**Assignment:** Copy nothing but the text: reproduce each line of the listing exactly and leave the pictures out.

**Dataset content:**

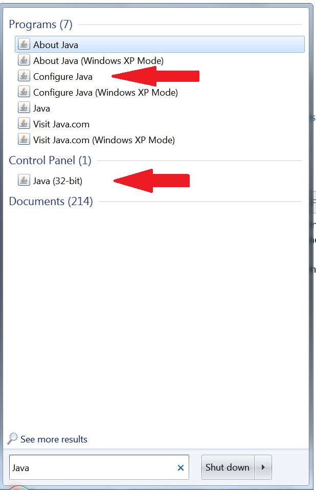 2. Assuming that Java is installed as confirmed in Step 1, click Start and type Java in the Search box. You should see something similar to the following. Either of the two entries marked with an arrow below will open the Java Control Panel.
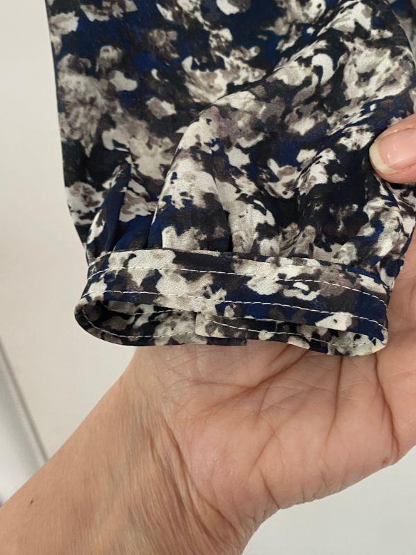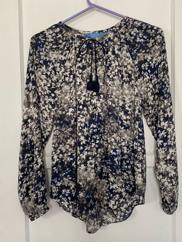 Simply Vera by Vera Wang blue/gray floral pattern peasant blouse. Tie at the collar, flowy fabric. Size PM.
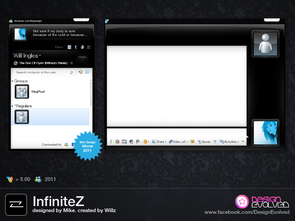 Precisamente, en esta ocasión queremos recomendarles InfiniteZ, un skin ganador del concurso de diseños para Messenger que se caracteriza por portar un color muy oscuro aunque sin llegar a ser en ningún momento algo tosco o molesto para la vista. De hecho, cuenta con un estilo muy minimalista y simple, acompañado de una buena combinación de fuentes tipográficas que seguramente serán bien vistas por los expertos en el diseño.
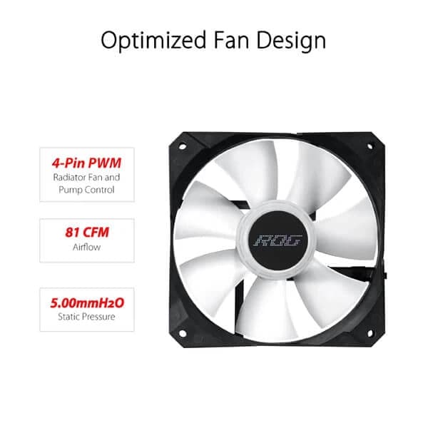 The ROG radiator fans are specifically tuned to deliver optimum performance on ROG Strix LC II series radiators. The fans generate 81 CFM / 5.0 mmH2O for exceptional cooling efficiency.

**Response for this exercise:**
 2. Assuming that Java is installed as confirmed in Step 1, click Start and type Java in the Search box. You should see something similar to the following. Either of the two entries marked with an arrow below will open the Java Control Panel.
 Simply Vera by Vera Wang blue/gray floral pattern peasant blouse. Tie at the collar, flowy fabric. Size PM.
 Precisamente, en esta ocasión queremos recomendarles InfiniteZ, un skin ganador del concurso de diseños para Messenger que se caracteriza por portar un color muy oscuro aunque sin llegar a ser en ningún momento algo tosco o molesto para la vista. De hecho, cuenta con un estilo muy minimalista y simple, acompañado de una buena combinación de fuentes tipográficas que seguramente serán bien vistas por los expertos en el diseño.
 The ROG radiator fans are specifically tuned to deliver optimum performance on ROG Strix LC II series radiators. The fans generate 81 CFM / 5.0 mmH2O for exceptional cooling efficiency.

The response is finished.